[EXERCISE OBJECTIVE] Your copy should hold only the lines from the one with "Ranked on par" to the one with "滑り台は「じゅんばんよ」といいながら階段に並ぶ姿もみられます!", both included, each exactly as it stands below, with no pictures.

[RECORDS FOR THE EXERCISE]
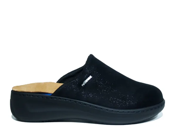 Muilen van het topmerk Rohde. Dit model heeft een stretch voorblad, rekt mee met de vorm van de voet. Doordat het voetbed uitneembaar is, kunnen ook eigen inlegzolen gedragen worden. Deze pantoffels van Rohde, artikelnummer 6780
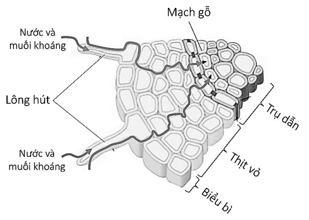 Dựa vào sơ đồ hãy mô tả được con đường hấp thụ, vận chuyển nước và khoáng của cây
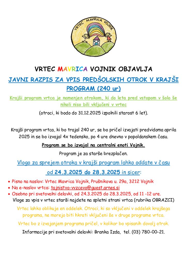 VRTEC MAVRICA VOJNIK OBJAVLJA JAVNI RAZPIS ZA VPIS PREDŠOLSKIH OTROK V KRAJŠI PROGRAM (240 ur)
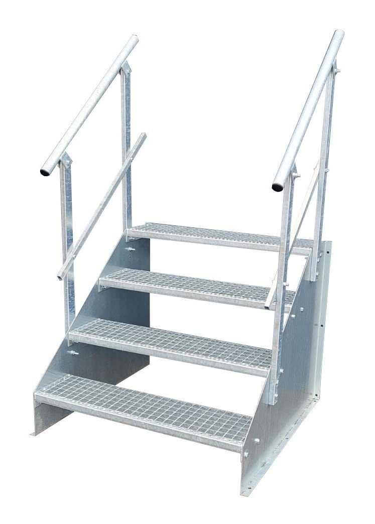 4 Stufen Standtreppe Stahltreppe freistehend Breite 150cm Höhe 84cm verzinkt beidseitiges Geländer
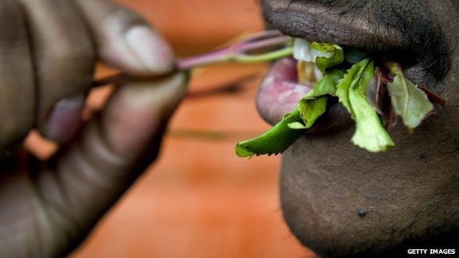 Ranked on par with heroin and cocaine by U.S. lawmakers, khat leaves are chewed by students and mixed for tea by men in Somalian cafes, said Ringel.
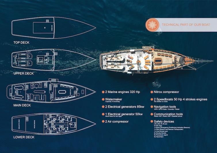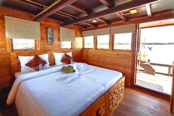 Each cabin has a double bed below + a single bunk bed on top and are fully air-conditioned with ensuite bathroom with hot water shower, toilet and sink.
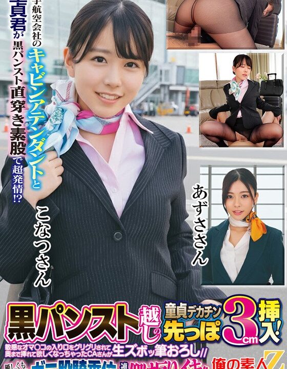 大手航空会社のキャビンアテンダントと童貞君が黒パンスト直穿き素股で超発情!?黒パンスト越しの童貞デカチン先っぽ3cm挿入!敏感なオマ○コの入り口をグリグリされて奥まで挿れて欲しくなっちゃったCAさんが生ズボッ筆おろし//優しくも腰振るガニ股騎乗位で連続仰け反り… 画像1
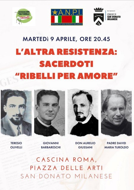 San Donato Milanese, 9 aprile 2024. L’altra Resistenza: Sacerdoti “Ribelli per amore”.Padre David Maria Turoldo, Giuseppe Lazzati, Don Giovanni Barbareschi, Don Aurelio Giussani, Teresio Olivelli
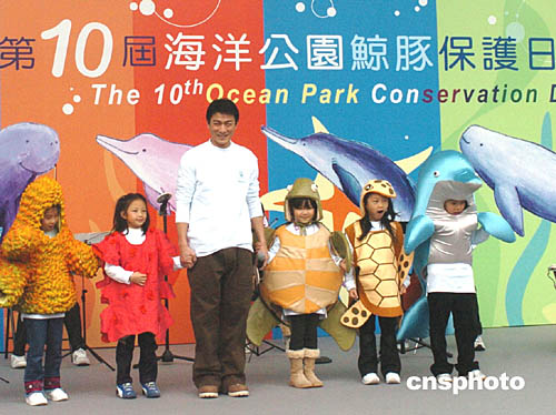 香港鯨豚保護(hù)基金大使劉德華與一眾小小“海洋生物”8日亮相于香港第十屆海洋公園鯨豚保護(hù)日活動(dòng)現(xiàn)場。
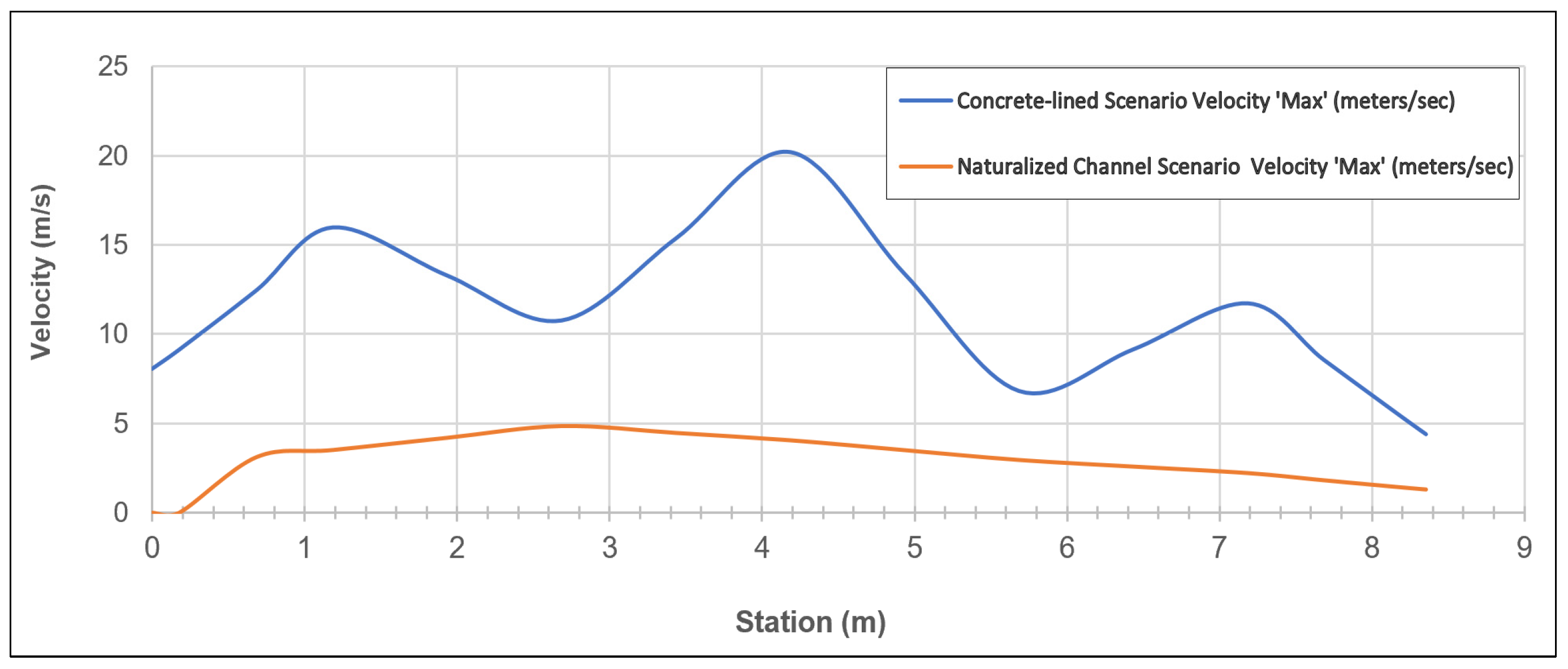 Figure 15, in which the localized instantaneous maximum velocity outputs across the concrete-lined main drainage channel were extracted for both the concrete-lined and natural channel scenarios and compared. Minor discontinuities are observed in the results at some junctions in
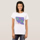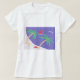 Esta camiseta está diseñada con una colorida escena insular que incluye palmeras, un océano azul y un velero.
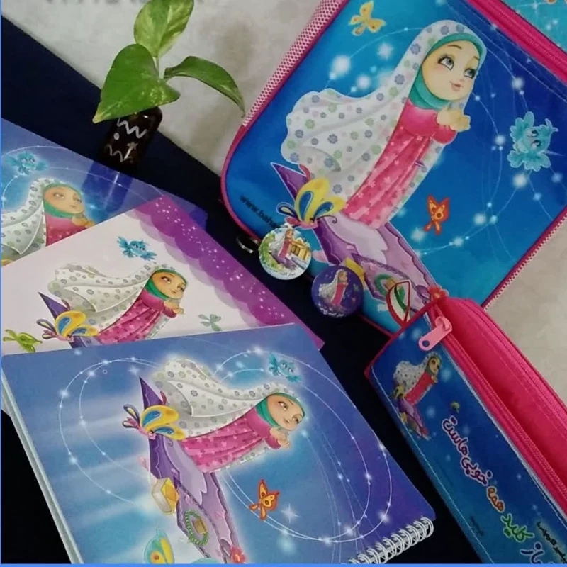 کیف مدرسه با ست جامدادی و دفتر و دفترچه کیف دبستان دخترانه کوله مدرسه طرح مذهبی
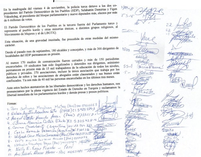 A las 11 horas del día viernes 2 de diciembre, se reanuda el 7° Encuentro, con la lectura de la declaración del Comité contra la Persecución y por la Libertad de los Presos Políticos, Chiapas, México; el saludo del Frente Magisterial Independiente Nacional, Chiapas, México; el saludo y la petición del Partido Democrático de los Pueblos (HDP) de Kurdistán, que nos pide firmar peticiones por los cientos de encarcelados el viernes 4 de noviembre en Turquía.
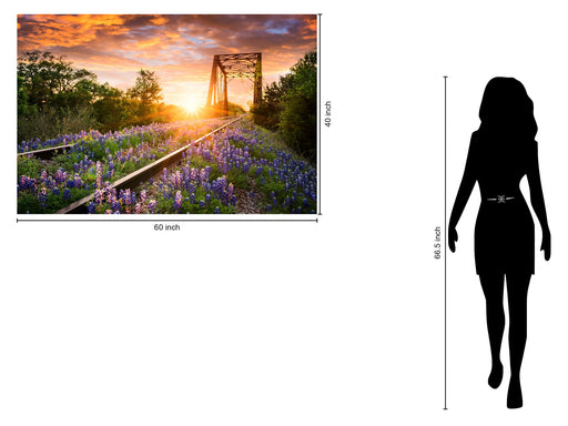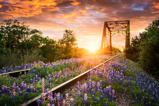 Classy LivingBluebonnet Rails captures a breathtaking scene where vibrant bluebonnet flowers bloom abundantly along rustic railroad tracks, leading toward a glo...
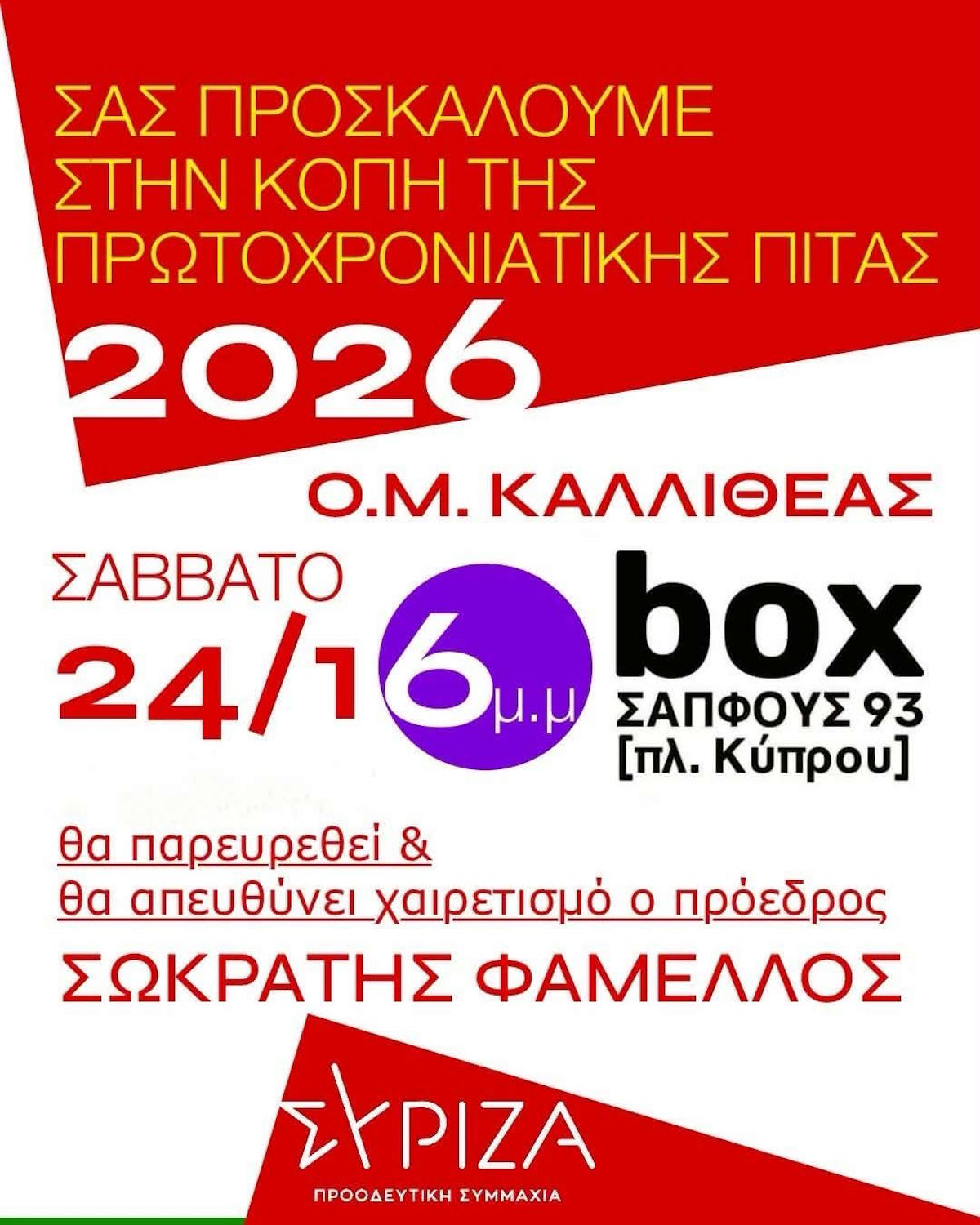 Την κοπή της πρωτοχρονιάτικης πίτας για το 2026 διοργανώνει η Οργάνωση Μελών Καλλιθέας, όπως γνωστοποιείται μέσω σχετικής αφίσας – πρόσκλησης που δόθηκε στη δημοσιότητα. Η εκδήλωση θα πραγματοποιηθεί το Σάββατο 24 Ιανουαρίου, στις 16:00, στον χώρο “box”, επί της οδού Σαπφούς 93, στην πλατεία Κύπρου.
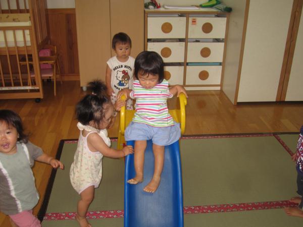 滑り台は「じゅんばんよ」といいながら階段に並ぶ姿もみられます!
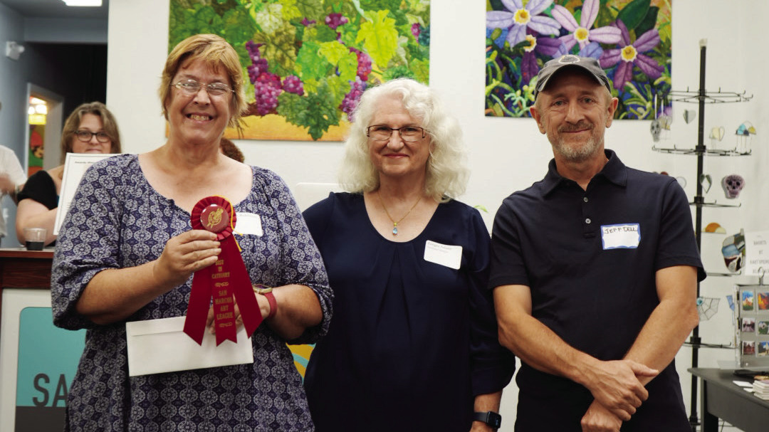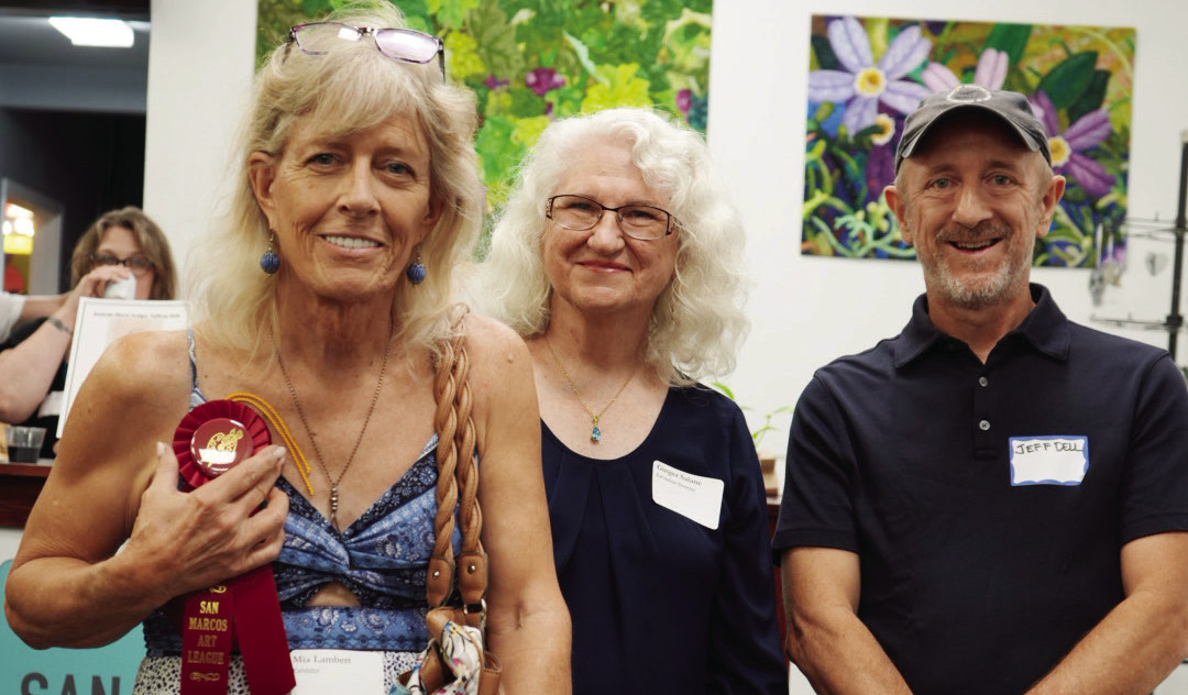 More than 100 people attended the July 11 opening reception of the Awards Show at the San Marcos Art Center. The work of 45 artists is in the exhibition, and every one of them displayed the best of their creativity. Jeffrey Dell, the Area Head of Printmaking in the School of Art and Design at Texas State, judged the show and nominated the winners, which were announced during the reception. There are five media categories, each receiving an Honorable Mention and a first place award. There was also an overall winner awarded as Best in Show.

[YOUR RESPONSE]
 Ranked on par with heroin and cocaine by U.S. lawmakers, khat leaves are chewed by students and mixed for tea by men in Somalian cafes, said Ringel.
 Each cabin has a double bed below + a single bunk bed on top and are fully air-conditioned with ensuite bathroom with hot water shower, toilet and sink.
 大手航空会社のキャビンアテンダントと童貞君が黒パンスト直穿き素股で超発情!?黒パンスト越しの童貞デカチン先っぽ3cm挿入!敏感なオマ○コの入り口をグリグリされて奥まで挿れて欲しくなっちゃったCAさんが生ズボッ筆おろし//優しくも腰振るガニ股騎乗位で連続仰け反り… 画像1
 San Donato Milanese, 9 aprile 2024. L’altra Resistenza: Sacerdoti “Ribelli per amore”.Padre David Maria Turoldo, Giuseppe Lazzati, Don Giovanni Barbareschi, Don Aurelio Giussani, Teresio Olivelli
 香港鯨豚保護(hù)基金大使劉德華與一眾小小“海洋生物”8日亮相于香港第十屆海洋公園鯨豚保護(hù)日活動(dòng)現(xiàn)場。
 Figure 15, in which the localized instantaneous maximum velocity outputs across the concrete-lined main drainage channel were extracted for both the concrete-lined and natural channel scenarios and compared. Minor discontinuities are observed in the results at some junctions in
 Esta camiseta está diseñada con una colorida escena insular que incluye palmeras, un océano azul y un velero.
 کیف مدرسه با ست جامدادی و دفتر و دفترچه کیف دبستان دخترانه کوله مدرسه طرح مذهبی
 A las 11 horas del día viernes 2 de diciembre, se reanuda el 7° Encuentro, con la lectura de la declaración del Comité contra la Persecución y por la Libertad de los Presos Políticos, Chiapas, México; el saludo del Frente Magisterial Independiente Nacional, Chiapas, México; el saludo y la petición del Partido Democrático de los Pueblos (HDP) de Kurdistán, que nos pide firmar peticiones por los cientos de encarcelados el viernes 4 de noviembre en Turquía.
 Classy LivingBluebonnet Rails captures a breathtaking scene where vibrant bluebonnet flowers bloom abundantly along rustic railroad tracks, leading toward a glo...
 Την κοπή της πρωτοχρονιάτικης πίτας για το 2026 διοργανώνει η Οργάνωση Μελών Καλλιθέας, όπως γνωστοποιείται μέσω σχετικής αφίσας – πρόσκλησης που δόθηκε στη δημοσιότητα. Η εκδήλωση θα πραγματοποιηθεί το Σάββατο 24 Ιανουαρίου, στις 16:00, στον χώρο “box”, επί της οδού Σαπφούς 93, στην πλατεία Κύπρου.
 滑り台は「じゅんばんよ」といいながら階段に並ぶ姿もみられます!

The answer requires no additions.